Work item> Starting with the line that contains "文化藝術如何飛入尋常百姓家?" and ending with the last line of the listing, print each line exactly. Pictures stay out.

Exercise data>
────────────────────────────────────────

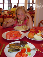 Не знаю чем так захватывает отель, но при выборе не смогла выбрать ничего другого и снова полетели в Аспендос. Пляж шикарный, еда в 2013 году по сравнению с 2011 стала лучше, больше сладостей, фруктов, мяса. По алко снова ничего не скажу, мужчины пили виски немного, вроде все нормально. Официанты летают как мухи, улыбаются, как всегда молодцы! Детская анимация супер! Шум с дороги и мечеть - вот основные минусы отеля. Заселили сначала в семейный номер в главном корпусе на 1 этаже, влажность жуткая, на следующий день еле-еле за 25$ поменяли на семейный номер в белом корпусе на 3 этаже. Носильщик выпрашивал чаевые. Фотограф Саша с попугаем отличный продажник, уговорил на фотосессию, сторговался, вобщем мы все довольны )
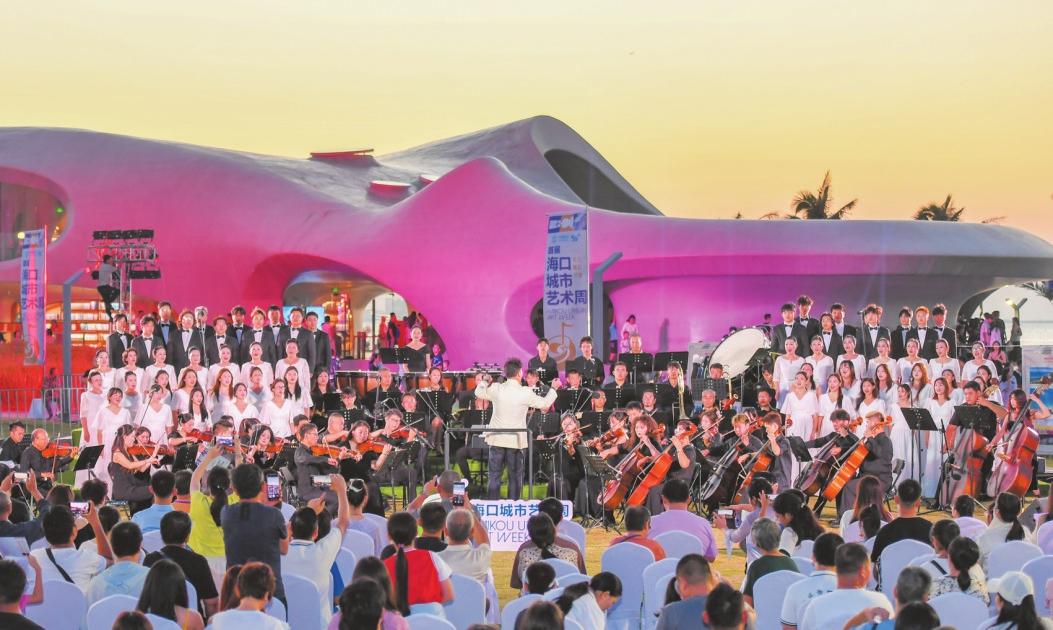 文化藝術如何飛入尋常百姓家?首屆??诔鞘兴囆g周期間,八方來客如約而至,??谟靡粓鰣鼍始姵实奈幕⒀缈畲e客。聽一場交響樂,看一次書畫展,逛一回民族服飾展……高雅藝術走出大廳,走近群眾身邊,點亮市民生活,街頭巷尾成為了海口城市文化“會客廳”,展現(xiàn)椰城獨特的城市風情和文化底蘊。
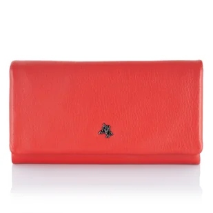 Okładka portfela jest wykonana ze skóry naturalnej w kolorze czarnym lub czerwonym, natomiast jego wnętrze stworzone we wszystkich kolorach tęczy poprawi nastrój właścicielki nawet w najbardziej ponury dzień. To dość duży portfel orientacji poziomej o wymiarach 18,5 cm x 10 cm x 3,5 cm. Zgrabnie leży w dłoni, a równocześnie jest bardzo pojemny. Mieści: kieszeń na monety zamykaną na zamek błyskawiczny przegrodę na banknoty aż 14 miejsc na karty przezroczyste okienko na zdjęcie bliskiej osoby lub dowód osobisty dwie szerokie przegrody na notatki lub bilety 2 kieszenie na zewnątrz portfela, w tym jedną zamykaną na zamek Portfel jest zamykany na wygodny zatrzask i posiada dodatkowe wewnętrzne zapięcie. Elegancki i praktyczny prezent Jeśli szukasz dla ukochanej lub przyjaciółki nietuzinkowego portfela, który będzie cieszył oko swoim wyglądem i przechowywał wszystkie istotne dokumenty i pieniądze, ten model będzie idealny.

────────────────────────────────────────

Answer>
 文化藝術如何飛入尋常百姓家?首屆??诔鞘兴囆g周期間,八方來客如約而至,??谟靡粓鰣鼍始姵实奈幕⒀缈畲e客。聽一場交響樂,看一次書畫展,逛一回民族服飾展……高雅藝術走出大廳,走近群眾身邊,點亮市民生活,街頭巷尾成為了海口城市文化“會客廳”,展現(xiàn)椰城獨特的城市風情和文化底蘊。
 Okładka portfela jest wykonana ze skóry naturalnej w kolorze czarnym lub czerwonym, natomiast jego wnętrze stworzone we wszystkich kolorach tęczy poprawi nastrój właścicielki nawet w najbardziej ponury dzień. To dość duży portfel orientacji poziomej o wymiarach 18,5 cm x 10 cm x 3,5 cm. Zgrabnie leży w dłoni, a równocześnie jest bardzo pojemny. Mieści: kieszeń na monety zamykaną na zamek błyskawiczny przegrodę na banknoty aż 14 miejsc na karty przezroczyste okienko na zdjęcie bliskiej osoby lub dowód osobisty dwie szerokie przegrody na notatki lub bilety 2 kieszenie na zewnątrz portfela, w tym jedną zamykaną na zamek Portfel jest zamykany na wygodny zatrzask i posiada dodatkowe wewnętrzne zapięcie. Elegancki i praktyczny prezent Jeśli szukasz dla ukochanej lub przyjaciółki nietuzinkowego portfela, który będzie cieszył oko swoim wyglądem i przechowywał wszystkie istotne dokumenty i pieniądze, ten model będzie idealny.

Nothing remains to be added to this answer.